[Start of section]
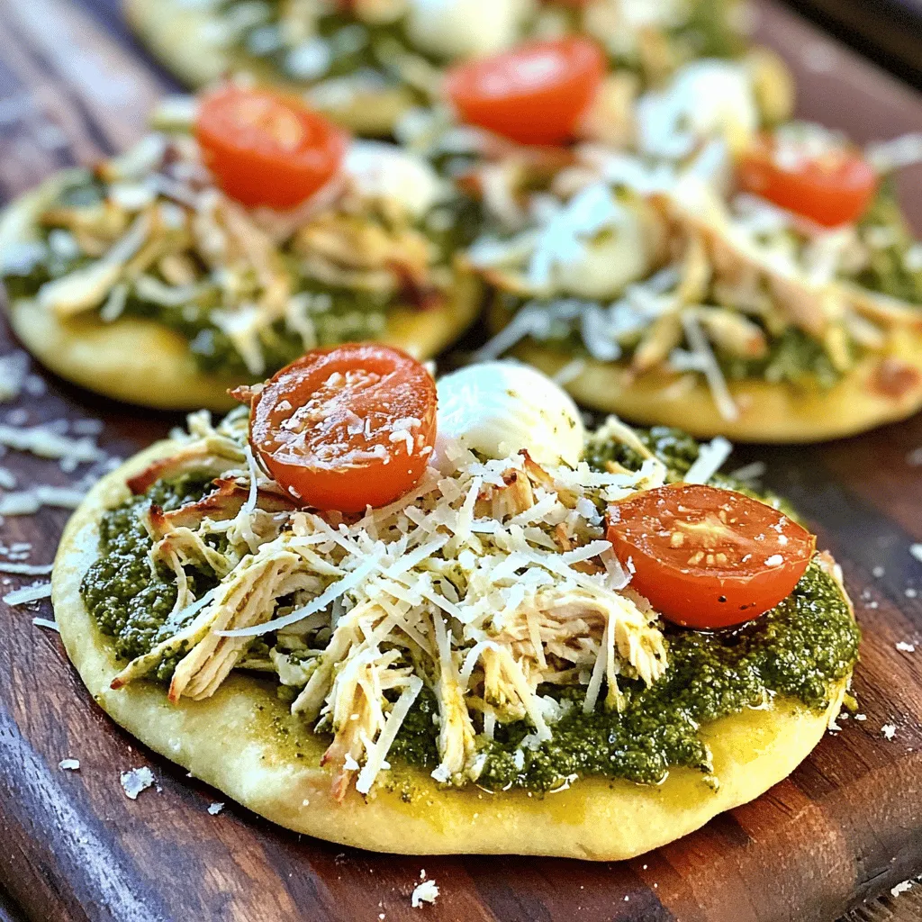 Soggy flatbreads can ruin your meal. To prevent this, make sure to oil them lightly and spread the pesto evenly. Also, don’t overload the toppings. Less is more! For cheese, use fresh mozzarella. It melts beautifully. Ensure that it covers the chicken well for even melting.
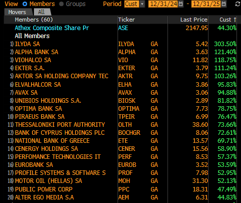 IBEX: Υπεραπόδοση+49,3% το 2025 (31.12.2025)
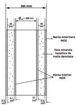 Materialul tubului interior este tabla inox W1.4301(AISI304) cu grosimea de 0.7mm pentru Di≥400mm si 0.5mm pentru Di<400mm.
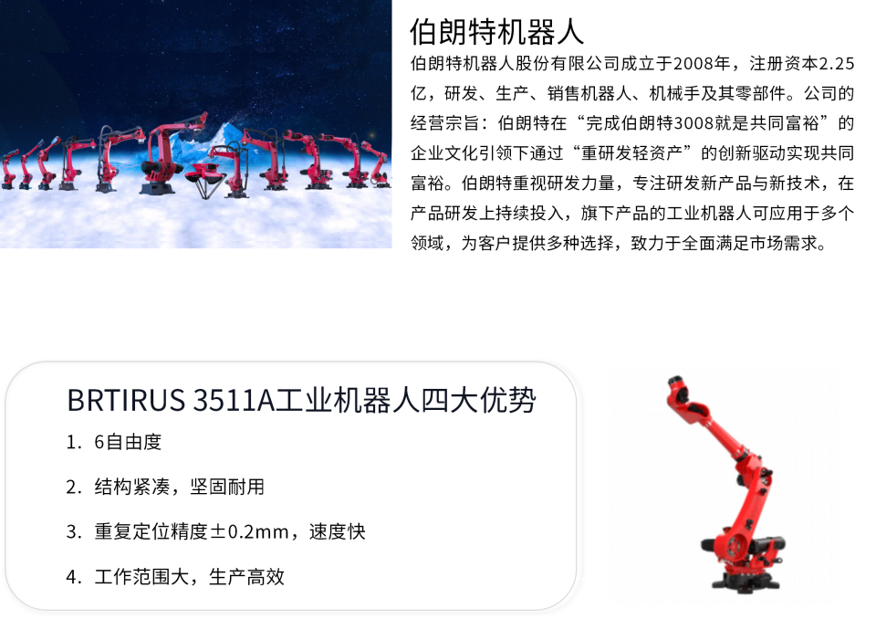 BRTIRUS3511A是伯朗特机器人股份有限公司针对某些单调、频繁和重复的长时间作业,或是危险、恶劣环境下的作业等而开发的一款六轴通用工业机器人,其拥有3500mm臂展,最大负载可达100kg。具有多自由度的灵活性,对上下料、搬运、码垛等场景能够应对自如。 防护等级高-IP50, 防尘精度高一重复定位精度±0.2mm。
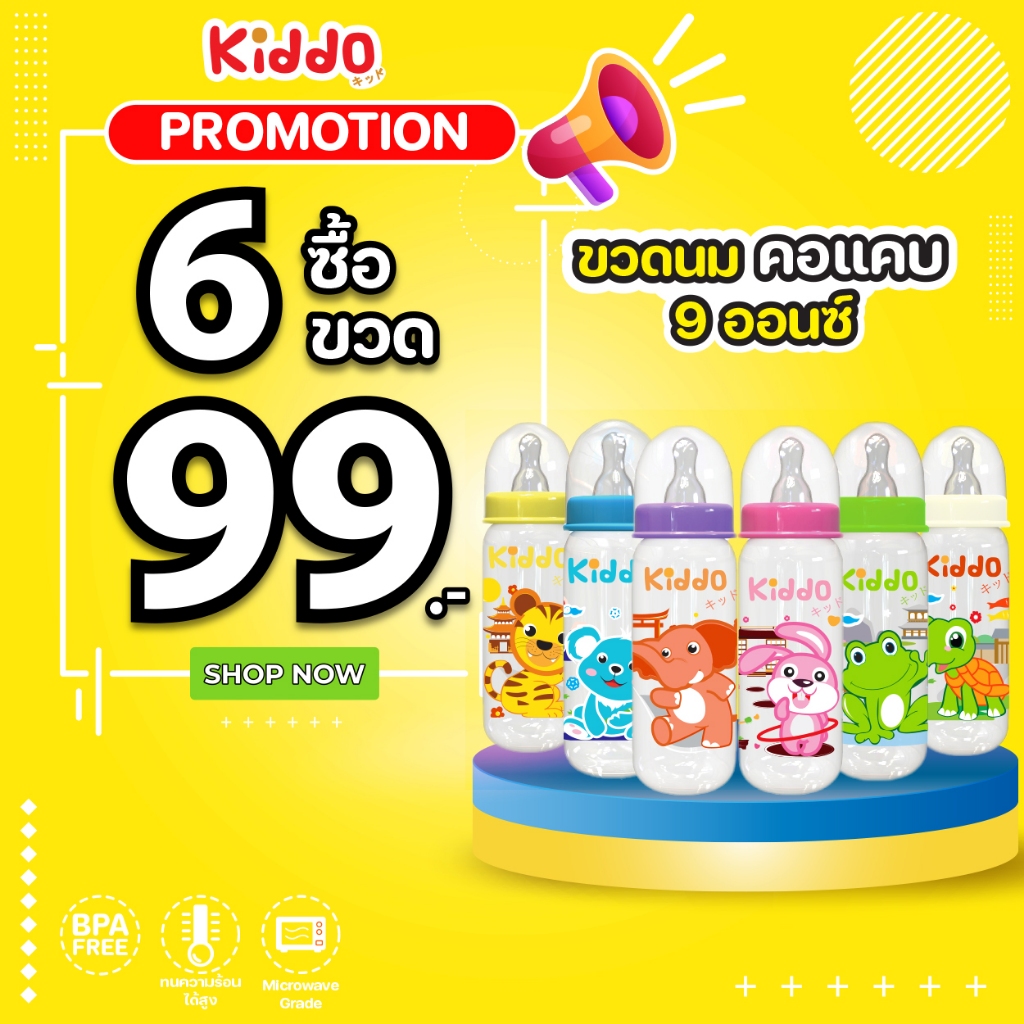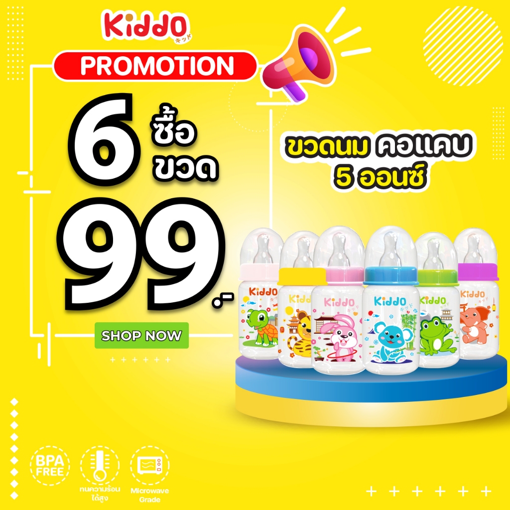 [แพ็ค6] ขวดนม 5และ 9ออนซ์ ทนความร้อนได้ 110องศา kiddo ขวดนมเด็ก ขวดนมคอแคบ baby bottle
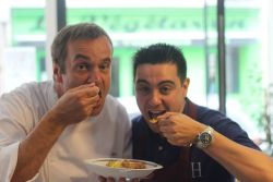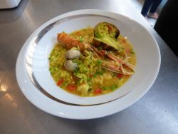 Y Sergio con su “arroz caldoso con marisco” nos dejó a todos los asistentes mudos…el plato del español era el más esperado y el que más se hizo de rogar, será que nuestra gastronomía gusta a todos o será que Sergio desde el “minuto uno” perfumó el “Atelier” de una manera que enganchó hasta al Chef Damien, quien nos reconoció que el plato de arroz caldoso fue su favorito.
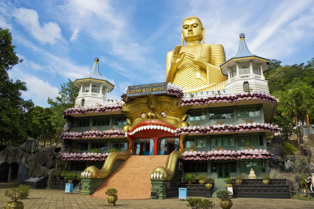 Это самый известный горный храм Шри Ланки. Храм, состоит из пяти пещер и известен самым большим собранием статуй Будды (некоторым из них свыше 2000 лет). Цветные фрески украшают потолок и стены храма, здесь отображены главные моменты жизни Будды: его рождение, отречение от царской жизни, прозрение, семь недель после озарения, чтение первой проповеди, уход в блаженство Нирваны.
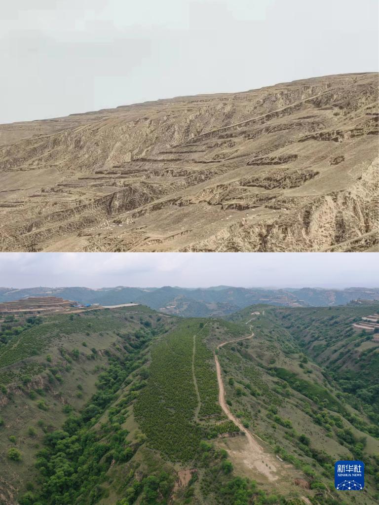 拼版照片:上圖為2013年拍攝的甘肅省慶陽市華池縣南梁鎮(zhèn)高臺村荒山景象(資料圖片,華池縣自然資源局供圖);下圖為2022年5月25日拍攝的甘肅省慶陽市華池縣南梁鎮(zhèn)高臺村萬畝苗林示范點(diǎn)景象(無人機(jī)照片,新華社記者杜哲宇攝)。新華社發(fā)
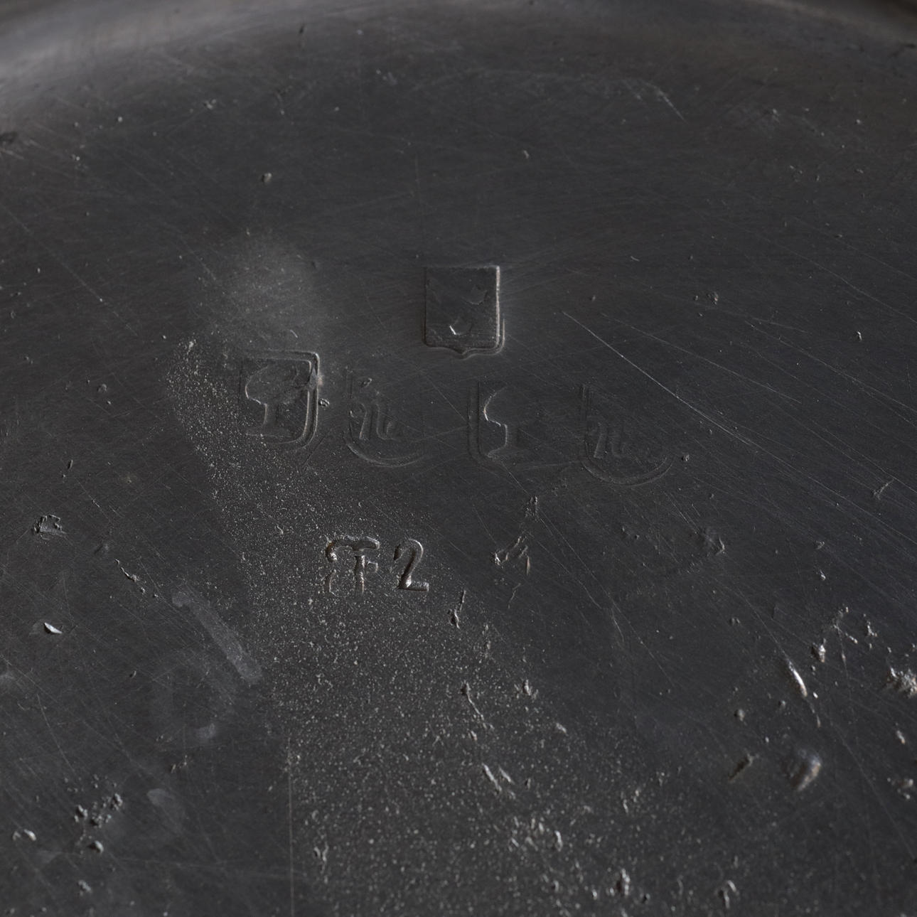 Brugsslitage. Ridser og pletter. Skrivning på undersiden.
[End of section]
Could you output exactly the lines above, from the line with "IBEX: Υπεραπόδοση+49,3% το 2025 (31.12.2025)" up to and including the line with "[แพ็ค6] ขวดนม 5และ", and nothing else, skipping the pictures?

 IBEX: Υπεραπόδοση+49,3% το 2025 (31.12.2025)
 Materialul tubului interior este tabla inox W1.4301(AISI304) cu grosimea de 0.7mm pentru Di≥400mm si 0.5mm pentru Di<400mm.
 BRTIRUS3511A是伯朗特机器人股份有限公司针对某些单调、频繁和重复的长时间作业,或是危险、恶劣环境下的作业等而开发的一款六轴通用工业机器人,其拥有3500mm臂展,最大负载可达100kg。具有多自由度的灵活性,对上下料、搬运、码垛等场景能够应对自如。 防护等级高-IP50, 防尘精度高一重复定位精度±0.2mm。
 [แพ็ค6] ขวดนม 5และ 9ออนซ์ ทนความร้อนได้ 110องศา kiddo ขวดนมเด็ก ขวดนมคอแคบ baby bottle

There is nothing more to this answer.